Task goal:
The response should repeat word for word every line below from the one with "Printed onto glass, measures 50cms by 50cms." to the one with "ESG高评分组在未来一年的运", inclusive, and nothing else; leave pictures out.

Input data:
────
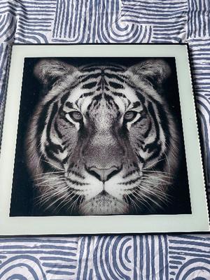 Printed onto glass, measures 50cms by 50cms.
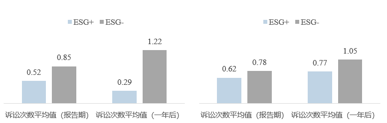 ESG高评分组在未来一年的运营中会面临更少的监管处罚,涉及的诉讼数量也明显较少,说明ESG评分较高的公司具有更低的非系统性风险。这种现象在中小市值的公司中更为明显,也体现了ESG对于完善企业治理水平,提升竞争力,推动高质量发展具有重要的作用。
────
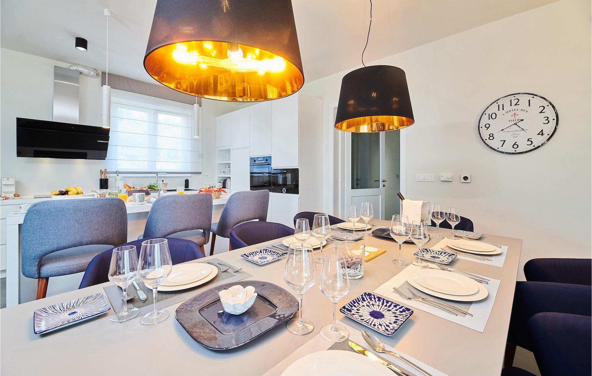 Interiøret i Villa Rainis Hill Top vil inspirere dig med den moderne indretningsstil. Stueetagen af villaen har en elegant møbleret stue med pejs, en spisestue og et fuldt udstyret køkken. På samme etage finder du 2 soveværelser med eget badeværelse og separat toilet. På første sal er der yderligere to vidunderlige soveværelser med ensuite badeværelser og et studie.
────
Exercise response:
 Printed onto glass, measures 50cms by 50cms.
 ESG高评分组在未来一年的运营中会面临更少的监管处罚,涉及的诉讼数量也明显较少,说明ESG评分较高的公司具有更低的非系统性风险。这种现象在中小市值的公司中更为明显,也体现了ESG对于完善企业治理水平,提升竞争力,推动高质量发展具有重要的作用。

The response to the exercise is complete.